DOWN, DOWN – AND BACKUP?Nordic private equity volumes peaked in 2005 and have been on a downward trend since. With deal levels so low in 2009 year-to-date, it will be hoped that the trough has been reached
DENMARK | FINLAND | NORWAY | SWEDEN | NORDIC REGION | ||||||
Announcement | Deal Value | No. | Deal Value | No. | Deal Value | No. | Deal Value | No. | Deal Value | No. |
Date by Year | ($m) | ($m) | ($m) | ($m) | ($m) | |||||
2004 | 1,234 | 16 | 1,155 | 14 | 599 | 9 | 3,754 | 30 | 6,743 | 69 |
2005 | 23,615 | 32 | 1,739 | 15 | 1,088 | 19 | 5,117 | 59 | 31,559 | 126 |
2006 | 1,157 | 23 | 903 | 12 | 1,358 | 15 | 12,415 | 52 | 15,833 | 102 |
2007 | 3,329 | 27 | 226 | 18 | 2,040 | 12 | 5,903 | 47 | 11,498 | 104 |
2008 | 1,577 | 26 | 11 | 11 | 1,461 | 20 | 1,710 | 37 | 4,758 | 96 |
2009 YTD | 25 | 8 | 415 | 4 | 34 | 5 | 341 | 19 | 816 | 37 |
SEEKING A SECONDARY SOLUTION
Various pressures have forced Nordic LPs to find ways of restructuring their private equity programmes – the secondary market stands to benefit
In the wake of the financial crisis, it was well documented that the “denominator effect” had thrown LP portfolios out of kilter and resulted in many of them being over-allocated to private equity.
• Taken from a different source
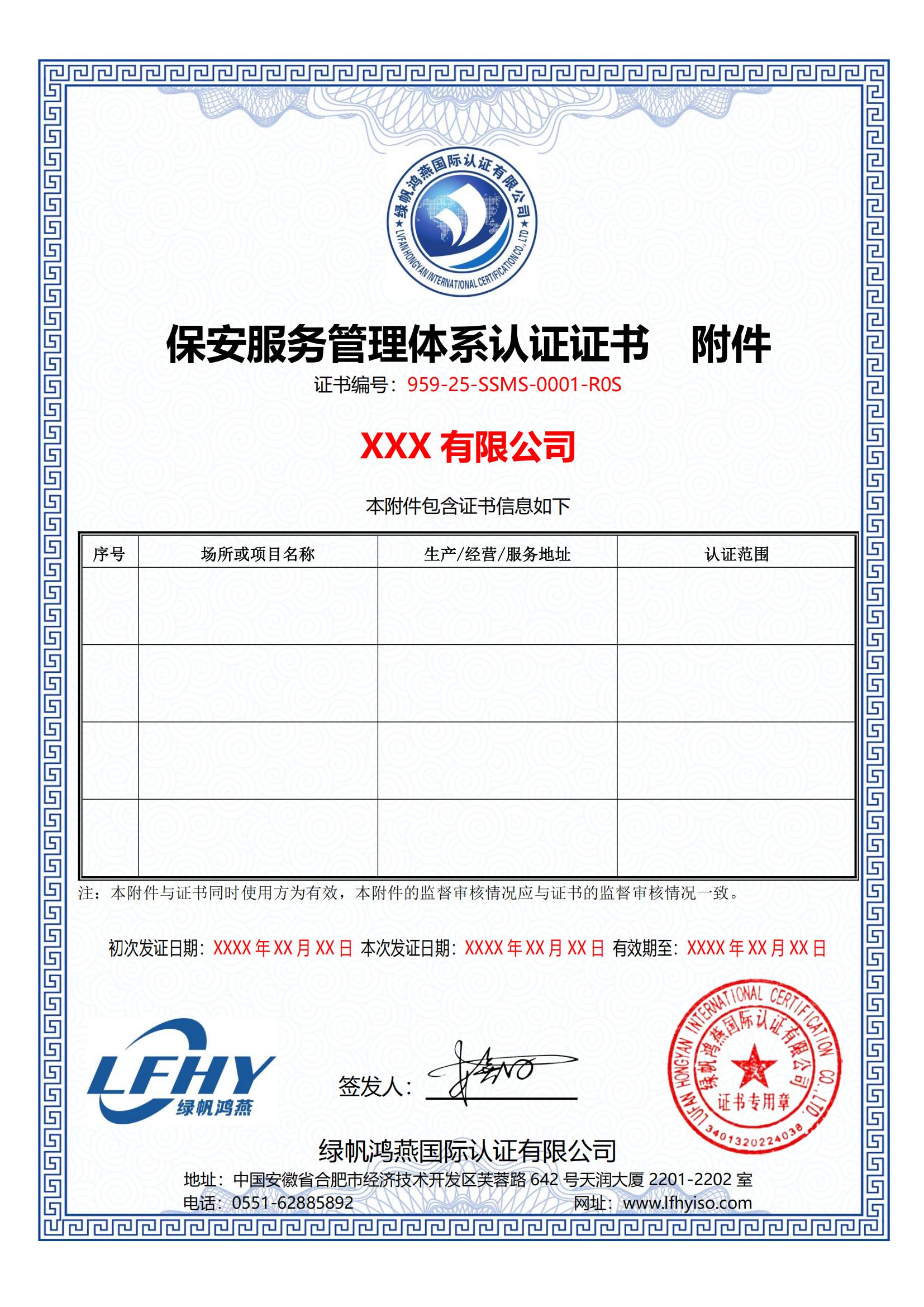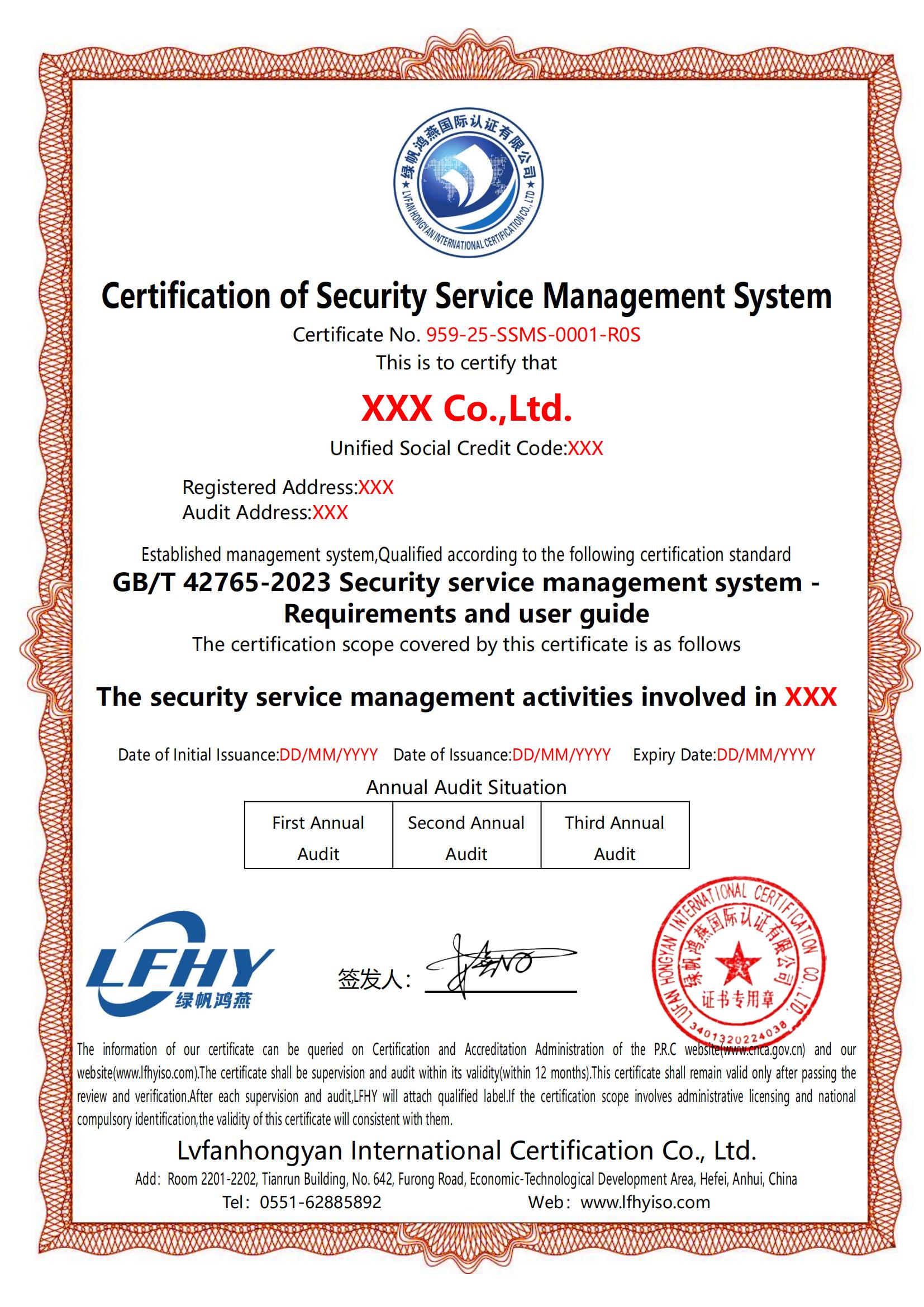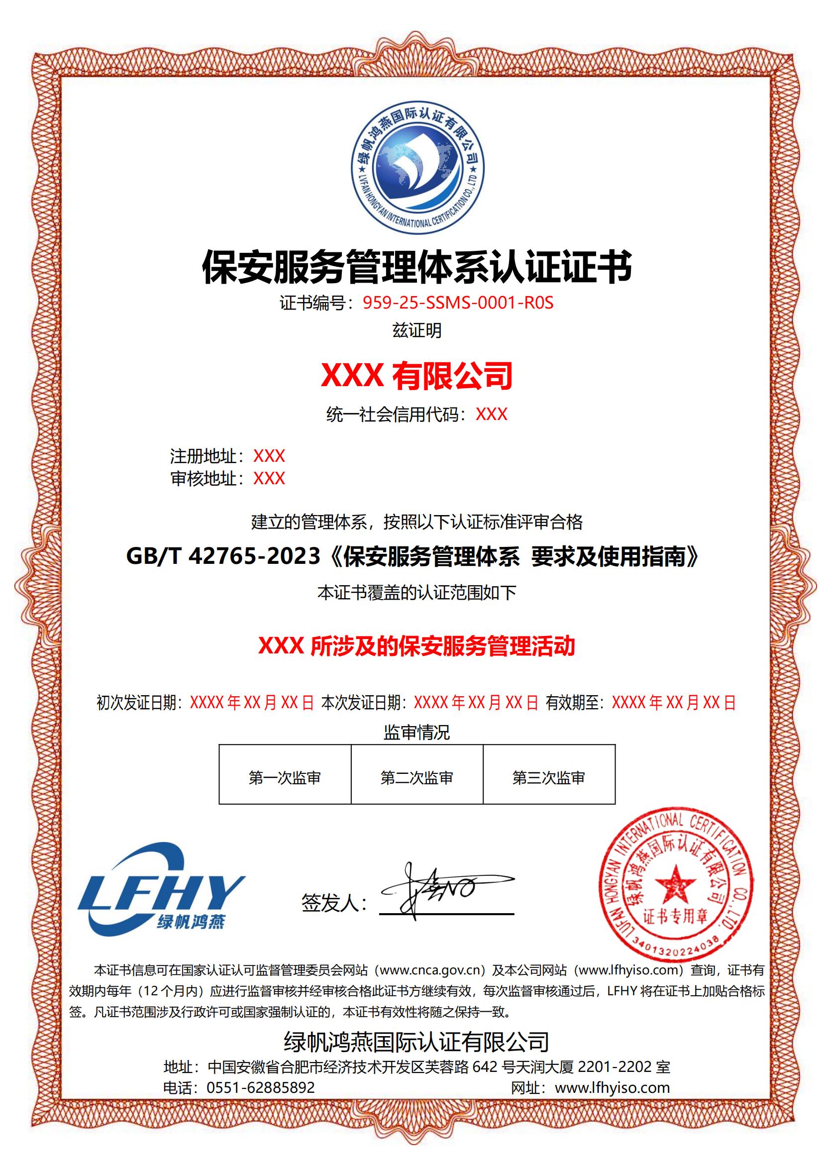 《保安服務(wù)管理體系認(rèn)證證書(shū)》

In the Nordic region, this was compounded by restrictive rules which set limits on the amount of private equity exposure an organisation is allowed to have.
In Norway, there are external rules which dictate, for example, that a pension is allowed a maximum 7 percent allocation to private equity as a percentage of its total assets under management. In Sweden, the limit is frequently an internal rule and hence self-imposed. In any case, the rules mean that Nordic LPs had to respond swiftly to the crisis. In some cases, this meant pleading for a temporary exemption to the rules. It also meant the need to re-balance portfolios – and perhaps exploring the secondaries market as a tool to assist them with this.
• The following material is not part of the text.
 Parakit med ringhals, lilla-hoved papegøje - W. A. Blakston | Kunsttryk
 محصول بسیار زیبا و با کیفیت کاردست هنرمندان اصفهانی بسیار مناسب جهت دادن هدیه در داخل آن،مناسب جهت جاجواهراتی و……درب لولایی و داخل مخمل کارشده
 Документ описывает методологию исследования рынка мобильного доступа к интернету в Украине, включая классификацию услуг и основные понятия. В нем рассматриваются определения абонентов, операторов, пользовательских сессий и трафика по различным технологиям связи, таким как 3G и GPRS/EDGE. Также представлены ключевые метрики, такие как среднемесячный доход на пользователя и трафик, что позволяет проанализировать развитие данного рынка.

Till Gutzen, a partner at Nordic secondaries specialist Cubera Private Equity, says his firm – which does direct and indirect secondary deals where there is a Nordic angle – has looked at 120 potential deals in the last two and half years and completed seven. He adds: “A lot of LPs are re-thinking their programmes. Some are over-exposed to certain sectors or to the Nordic region, some have regulatory boundaries. Others want to buy more of the funds they are already in. The large programmes know they can use the crisis to tailor their programmes and fine-tune their portfolios.”
Gutzen says the Nordic deal market is just starting to regain some momentum, with finance of up to SEK5 billion (€483 million; $717 million) now available for deals from local banks. Hence: “The capital will be called and they [the LPs] will need that capital from somewhere. Some have understood that, some haven't.”
Those that have understood have no doubt been putting out a few calls to secondaries firms like Cubera.